DATASET EXTRACT:
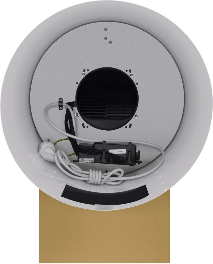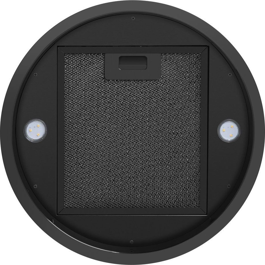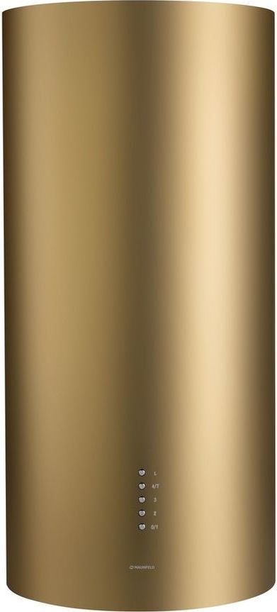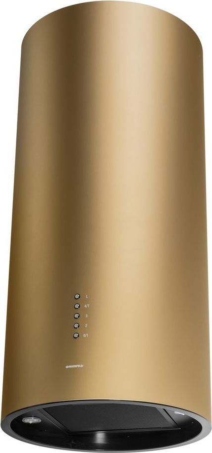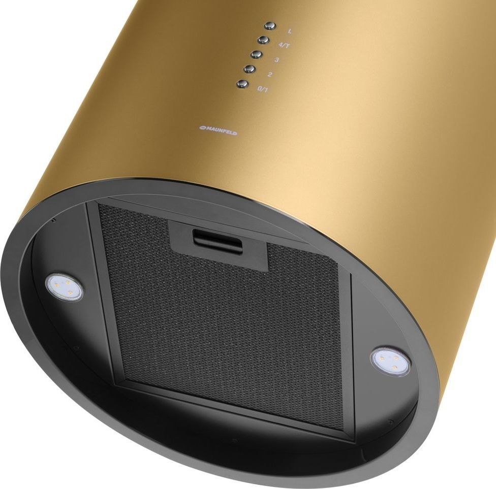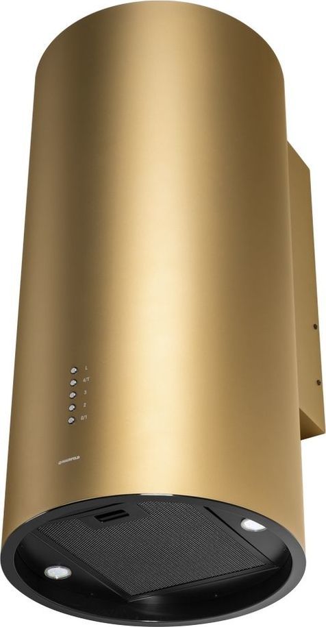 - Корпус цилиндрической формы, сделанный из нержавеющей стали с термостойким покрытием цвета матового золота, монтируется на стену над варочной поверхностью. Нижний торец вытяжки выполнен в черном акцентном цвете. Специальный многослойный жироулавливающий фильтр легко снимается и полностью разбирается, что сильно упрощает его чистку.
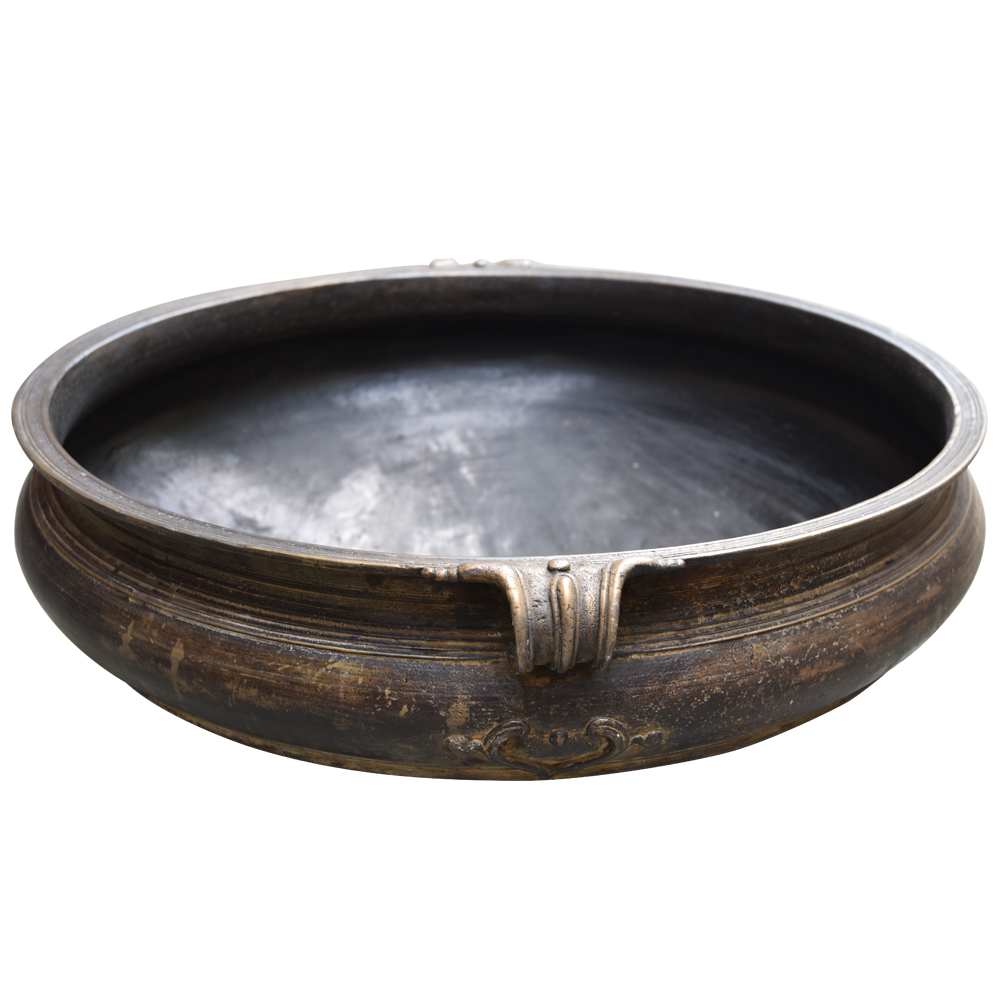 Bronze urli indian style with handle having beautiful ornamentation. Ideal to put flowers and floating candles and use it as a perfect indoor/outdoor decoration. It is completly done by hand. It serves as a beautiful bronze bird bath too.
---
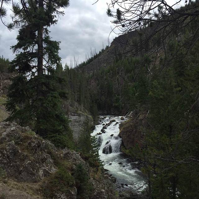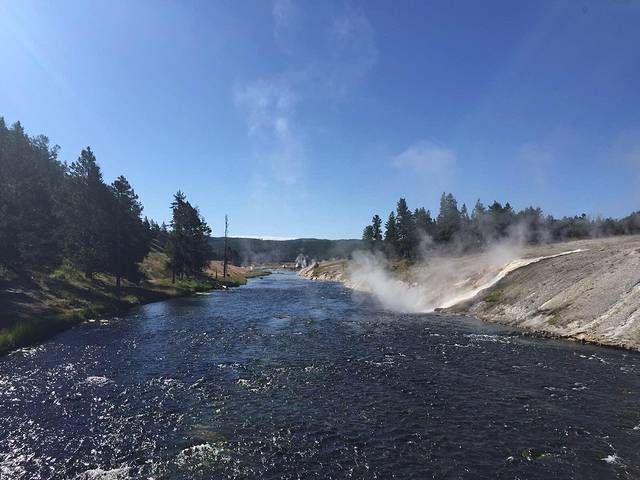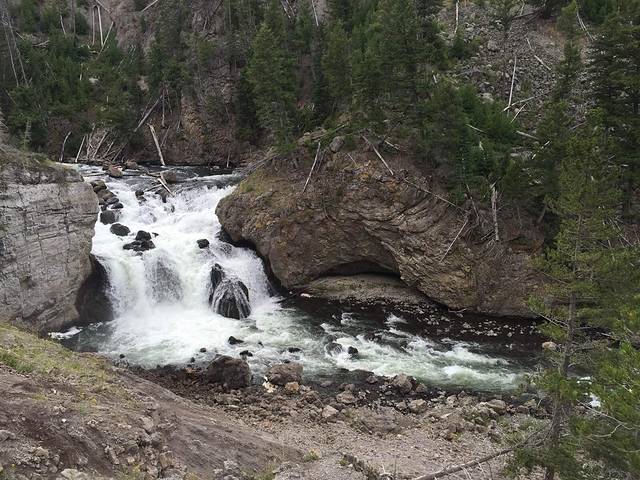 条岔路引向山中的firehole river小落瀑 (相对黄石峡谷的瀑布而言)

TASK REQUIREMENTS:
Pictures excluded, reproduce only the part above that opens with the line holding "- Корпус цилиндрической" and closes with the line holding "Bronze urli indian", exactly as written.

SOLVED EXERCISE:
 - Корпус цилиндрической формы, сделанный из нержавеющей стали с термостойким покрытием цвета матового золота, монтируется на стену над варочной поверхностью. Нижний торец вытяжки выполнен в черном акцентном цвете. Специальный многослойный жироулавливающий фильтр легко снимается и полностью разбирается, что сильно упрощает его чистку.
 Bronze urli indian style with handle having beautiful ornamentation. Ideal to put flowers and floating candles and use it as a perfect indoor/outdoor decoration. It is completly done by hand. It serves as a beautiful bronze bird bath too.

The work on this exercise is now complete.